A former Ukip and Conservative MP has been found guilty of tricking elderly constituents into signing electoral forms backing local candidates.
Bob Spink, who served as Tory MP for Castle Point in Essex for five years before defecting to the pro-Brexit party in 2008, was found guilty at Southwark Crown Court of four counts of submitting false signatures on nomination forms, a type of electoral fraud.
Spink, 69, of Benfleet in Essex, showed no emotion as the jury foreman returned majority verdicts on all four counts he faced.
He will be sentenced in the New Year.
James Parkin, 39, Ukip’s election agent at the time, was found guilty of two counts of the same offence, and found not guilty of three.
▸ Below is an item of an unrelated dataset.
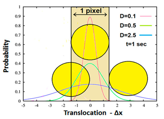 The practical meaning of the above is that the Probability Distribution Function (PDF) of translocations of the diffused particle obeys normal distribution, which has a variance of Figure 3 further illustrates this explanation. It depicts a microscopic partially transparent intracellular element such as an intracellular organelle or vesicle (yellow circle) located between a light source and a single light detector (pixel). Based on the above section, this element conducts “thermic-like” diffusion, upon which the distribution of its translocations around the origin (0,0) should obey one-dimensional Gaussian distribution. Possible distributions which may have different D (diffusivity) values are depicted in the figure by different colors (see inset). Now, for the sake of simplicity, let’s assume an element with the same size of the pixel via which it is detected. Hence, due to its partial transparency, the amount of light detected by the pixel will depend on the position of the element in relation to the detecting area. Three representative situations are illustrated in Figure 3. In the first, the element maximally prevents light from reaching the pixel (center) i.e., yielding the lowest detected gray value. In the second, the element is pushed/diffused to the right, where it doesn’t cover the pixel at all, a case where maximum light reaches the detector, yielding maximum gray value. In the third, the result of the element diffusion to the left, where it only partially covers the pixel detecting area, yields intermediate gray value. Obviously, the outcome of the pixel gray values and their SD must follow the behavior of the random time-dependent translocation of the element diffusing above the pixel.

He had already admitted two counts.
Judge Ian Graham said: “These types of offences are taken very seriously.”
Jurors heard Spink tricked “elderly and infirm” voters into signing the forms in April 2016, without making it clear what the documents were or which party he represented.
The court heard people in Spink’s constituency signed forms believing they were petitions, and having no idea they were supporting the Ukip candidate in the Castle Point Borough Council elections.
Spink said everything was above board, that residents knew what they were signing, and that he only introduced the topic of the local elections once he had had gained their support for his campaign to become a police and crime commissioner (PCC).
None of the candidates included in Spink’s deception won a seat on the council, although a handful finished runner-up, the court heard.